KORAPUT: Maulima temple, a small brick temple amidst high rising mountains all around near Dudhari in Semiliguda block of Koraput district, attracts people for its architectural marvel. While the ever-flowing stream nearby, the shade of huge banyan tree adjacent to the temple gives more reason to visit more than once for any visitor.
The temple was built some 200 years back, Raghu Mandal Nayak, grandson of the then Mustadar of the king of Jeypore kingdom said.
While it was little known even to the family members of Raghu on the significance of the illegible papers they had in their house as a symbol of inheritance from their forefathers, it was certainly in relation to the land and property related to the temple, M.Tatalu, headmaster of the village school said.

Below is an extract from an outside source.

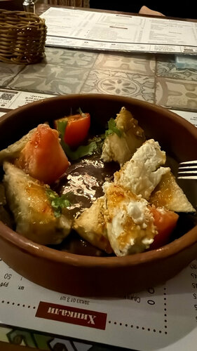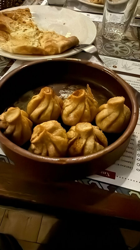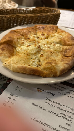 В целом ожидали качества в еде и в обслуживании так же как в Питере или Московской губернии.. но Посетители достаточно крепко пьют брань стоит на все помещение, замечание давать бесполезно- пьяному море по колено. Сама еда - хинкали на вкус хорошие свежие и аппетитные но как то странно они их делают… тесто подушечки тонкое и выпить бульон откусив аккуратно не получится… все разваливается. Короче они не плотные и не крепкие. Мясо мало а теста много вот как плюшки лежат на тарелке - фото скажет вам о чем речь. Впервые такие вижу. Хачапури и салаты вкусные, домашнее вино красное лучше не брать - помои. Для ресторана в центре города на площади уровень слабоват.

It is believed that the temple was built by Vikram Deb Verma, king of Jeypore kingdom, for facilitating his men, who were staying for days in the area for collecting taxes. The huge banyan tree was planted to tie the elephants they brought along with them while a pond was dug to bathe them, he said.
The temple was first made of stone. But during the course of time, the stones had begun falling one by one causing severe damage to the temple, Raghu said.
There was one Matal Gotia Nayak, the village head during the British period who had taken steps to reconstruct the temple with bricks. While the entire temple was made of bricks placed one above the other using a paste of mud and curd, the small stone idols of different deities exhibited in varieties of postures in the grooves of the temple were the same ones that were there in the old temple, he added.
The neatness of the work reminds one of the temples of greater importance in other parts of the country.
Dudhari is now getting connected with PMGSY road and with more and more people coming for picnic, the message of this temple was increasingly reaching to the people not limiting to any particular boundaries and soon could become a good place of tourist attraction, Sanyasi Pujari , district tourist officer of Koraput, said.